We are primarily working with chronological data from the WWP. The data tracks writers, texts, and intertextual gestures within those texts. The data is split up into multiple different json files for the following categories: Barbauld, classical, drama, Dryden, female writers, Horace, novels, poetry, Pope, sacred texts, and Shakespeare. Barbauld, Dryden, Horace, Pope, and Shakespeare all contain data on works that reference those authors. Classical, drama, female writers, and sacred texts contain data on works that reference texts of those categories. For our project, we plan to focus on the reference data included in each file to investigate trends of how the texts interact with each other. Specifically, we plan to look at how references to female authors have changed over time and look for other trends present in how authors reference each other. To make the data more manageable to work with, we converted the json files to csv files, detailed more below when discussing our data cleaning.

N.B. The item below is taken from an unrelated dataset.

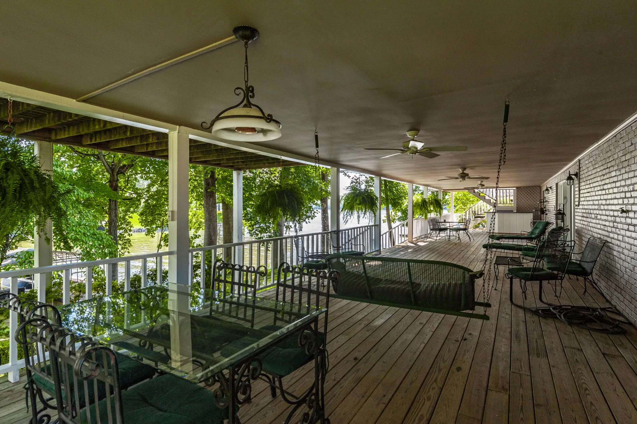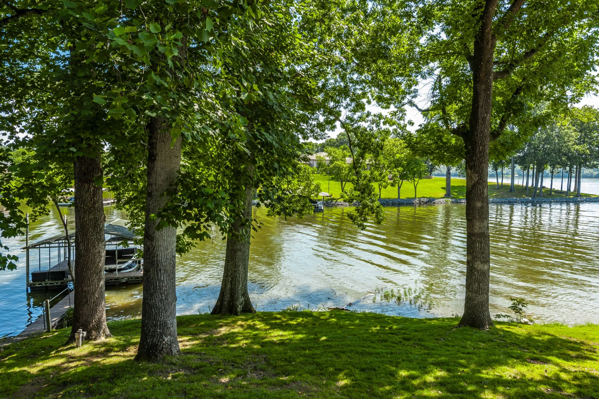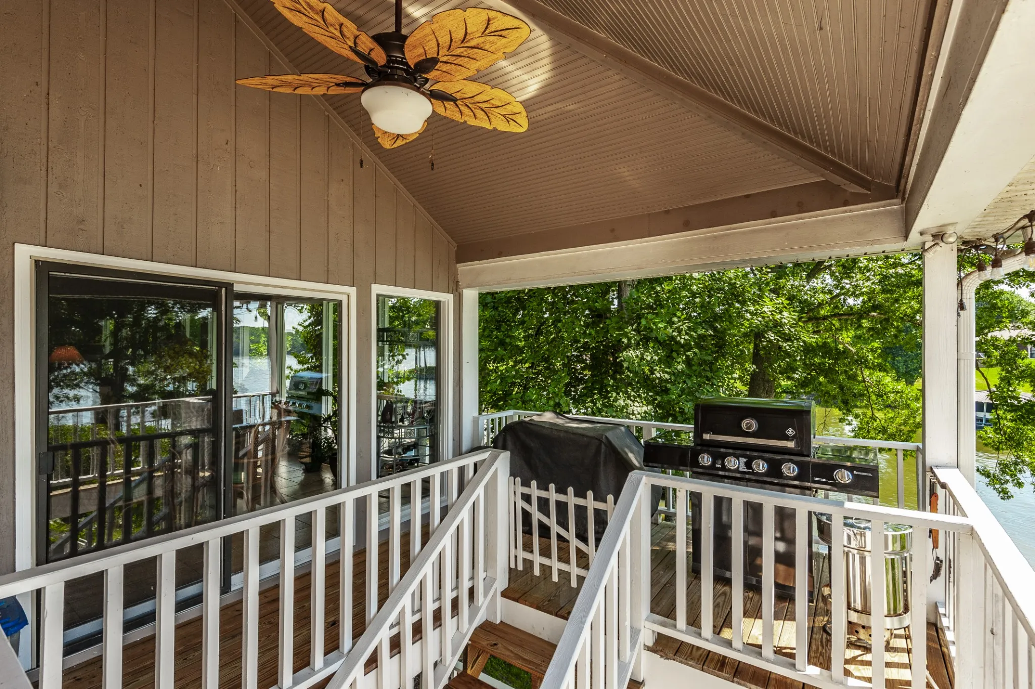 find generous storage and a full covered patio overlooking the lake, extending your living space outdoors year-round. Due to recent ice storm damage, the boat doc is

Each dataset has columns wwoDocId, wwoDocDesc, referencedWorks, totalGestures, gestureTypes, and publicationDate. WwwoDocID (ordinal) is the unique ID of each row. WwoDocDesc contains information on author (categorical), title (categorical), and publication date (quantitative) of the text. The column referencedWorks contains a list of references, each containing the id (ordinal), title (categorical), year (quantitative), and author (categorical) of the referenced work plus the amount of times it was referenced (quantitative). The way it was referenced is noted in the guestureTypes column. This column contains a list of gesture types (categorical) and the count for that type of gesture (quantitative). TotalGestures (quantitative) is the number of gestures present in the text. Finally, publicationDate (quantitative) is the publication date of the text.

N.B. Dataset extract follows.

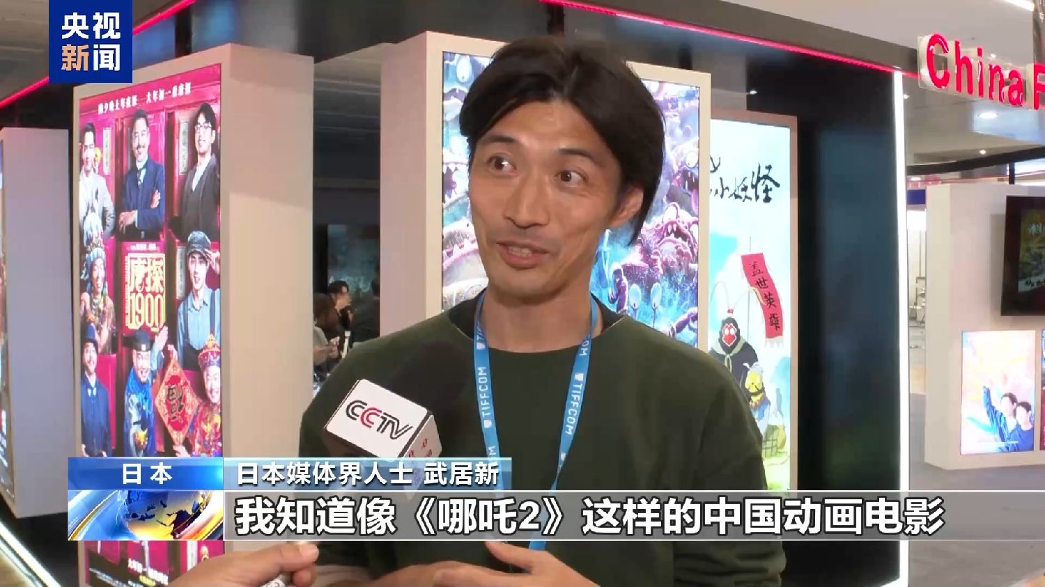 日本媒体界人士武居新:我知道像《哪吒2》这样的中国动画电影特别有人气,我从新闻当中了解到包括人工智能技术、计算机图形技术等新的科技都被运用到了中国动画电影制作当中。
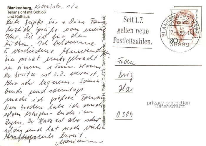 73571989 alte Postkarte Blankenburg Harz Fliegeraufnahme mit Schloss und Rathaus postalisch gelaufen Erhaltung siehe scans [WerneD78] KatCode: 11110015085055

To clean the data, we first converted the json files to csv files to allow us to work with the data better in python. After that, we were having trouble with the referencedWorks and gestureTypes columns, as both had a variable length list of information within them, making it hard to work with those columns. To fix this, we created new rows for each referenced work, keeping all of the other columns the same, so that the referencedWorks column only had one item per row in it. We left the gestureTypes as is for now, as the gestureTypes column does not specify which reference each gesture matches up with, so may not prove useful in our analysis of referencing.

Task Analysis

Our visualizations will be primarily to bring new life to the texts through interesting insights and uncovering hidden trends in the data (exploratory visualizations). Our primary stakeholder will be the members of WWP, along with their blog readers and community members. Their goal is to get more “modern” readers interested in the older texts in a new way. Here are a few tasks we identified and hope to answer with our visualizations.

Domain Task Analytic Task Search Task Analyze Task
Which time period has the most female writers? Cluster Locate Present
Is there an upward trend in male authors referencing women over the years? Correlate Browse Discover
Are intertextual gestures in writing increasing over time? Correlate Browse Discover
Which authors/books do women reference the most? Retrieve Value Locate Discover

Data Analysis

Here are a few findings from our initial static charts:

Design Process

Our design process was iterative and collaborative. We started out by thinking of some charts that we thought would describe the data in a clear and effective way and created sketches with the marks and channels we wanted to use (pictured below). Some examples of charts we thought of included the scattter plots representing how female authors reference big names like Shakespeare and Dryden. We also sketched out the basics of the Sankey diagrams which we also ended up implementing. We also speculated that this chart would be interactive in that one can rearrange the nodes and group them in whatever way they like. Another one we sketched out was the line chart displaying how references to female authors have changed over time, and we also were able to successfully implement it.

Data Visualizations

Scatter Plots: How women reference other authors

The first chart is a bar graph of the count of references to popular authors. This chart is useful in seeing the overall popularity of authors. As seen in the chart, William Shakespeare and Hannah Cowley are the most referenced authors.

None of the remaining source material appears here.